#### [DATA SECTION]
++++++++++

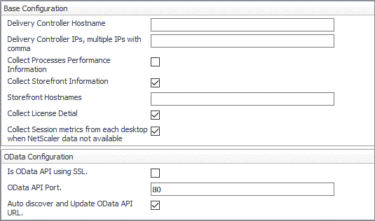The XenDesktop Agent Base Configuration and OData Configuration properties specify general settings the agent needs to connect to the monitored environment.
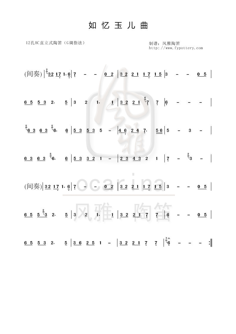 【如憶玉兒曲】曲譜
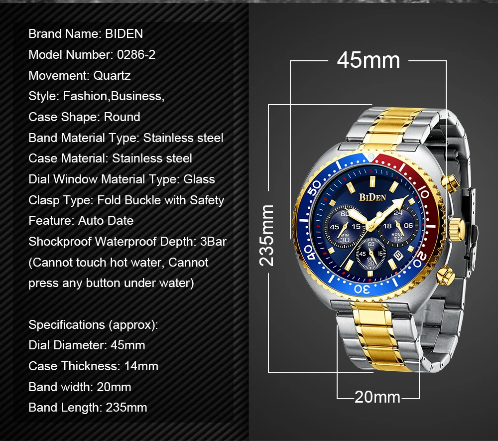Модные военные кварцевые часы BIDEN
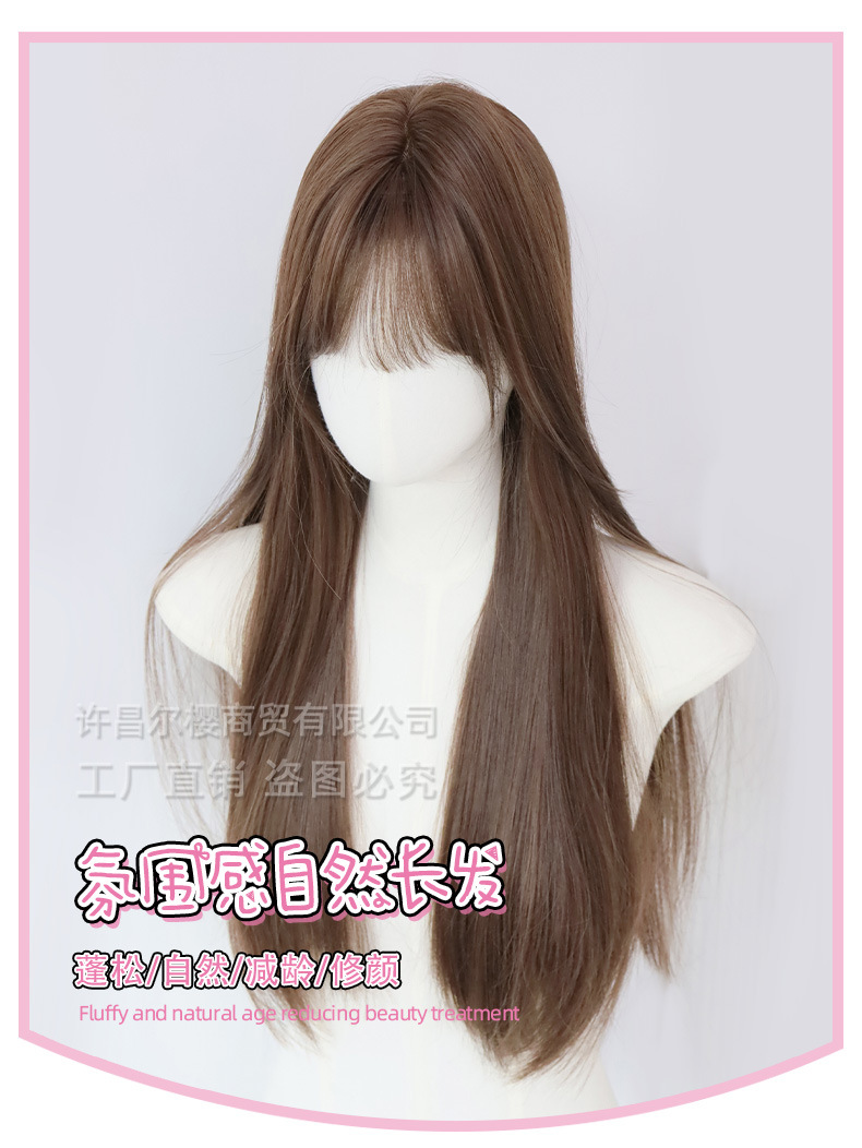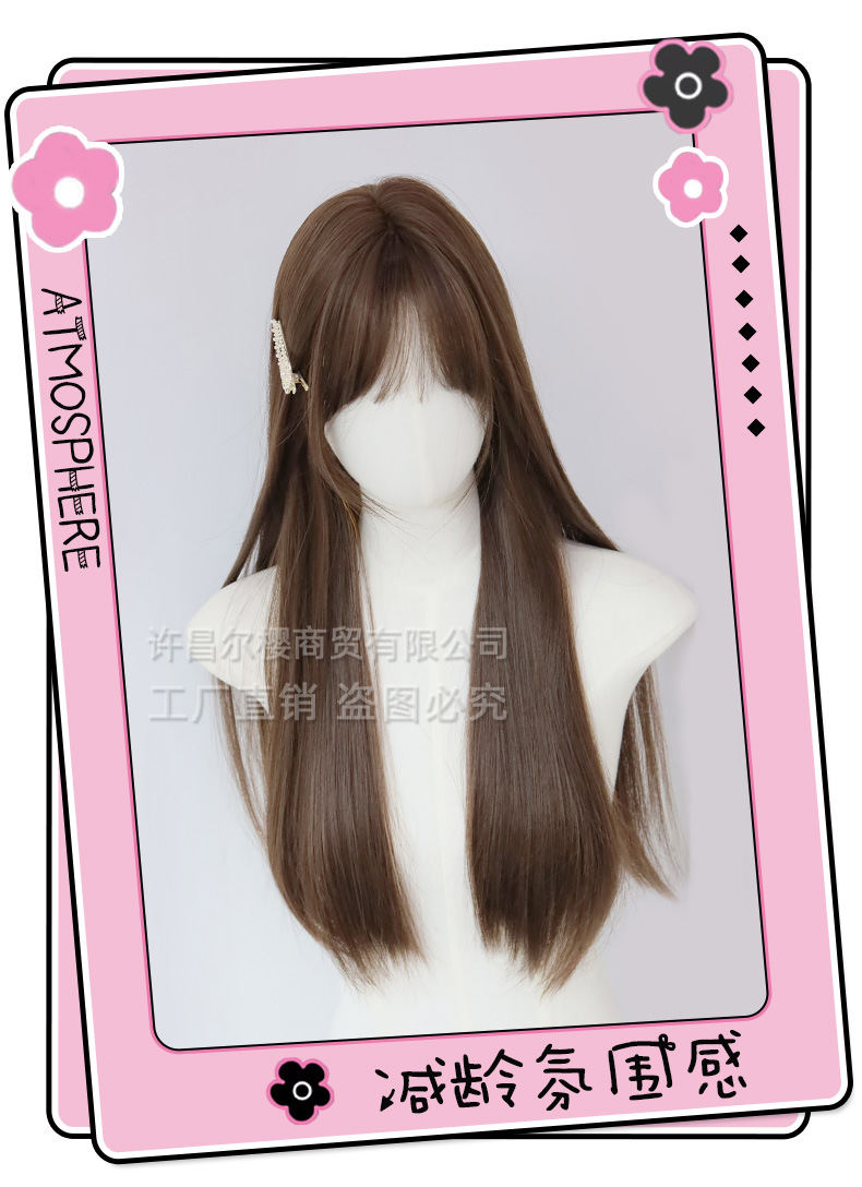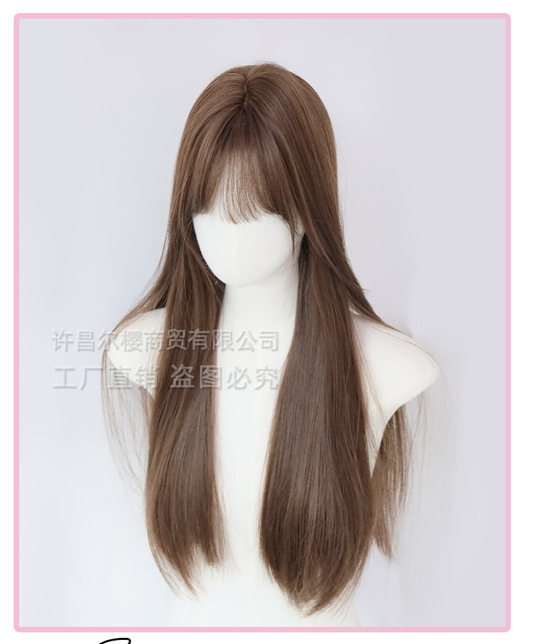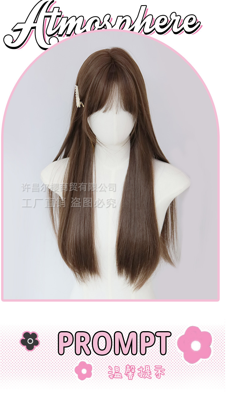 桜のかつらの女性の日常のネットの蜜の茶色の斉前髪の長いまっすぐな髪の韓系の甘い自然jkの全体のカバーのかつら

++++++++++

#### [PROBLEM REQUIREMENTS]
Print the whole listing exactly. No pictures belong in the copy.

#### [PROBLEM SOLUTION]
The XenDesktop Agent Base Configuration and OData Configuration properties specify general settings the agent needs to connect to the monitored environment.
 【如憶玉兒曲】曲譜
Модные военные кварцевые часы BIDEN
 桜のかつらの女性の日常のネットの蜜の茶色の斉前髪の長いまっすぐな髪の韓系の甘い自然jkの全体のカバーのかつら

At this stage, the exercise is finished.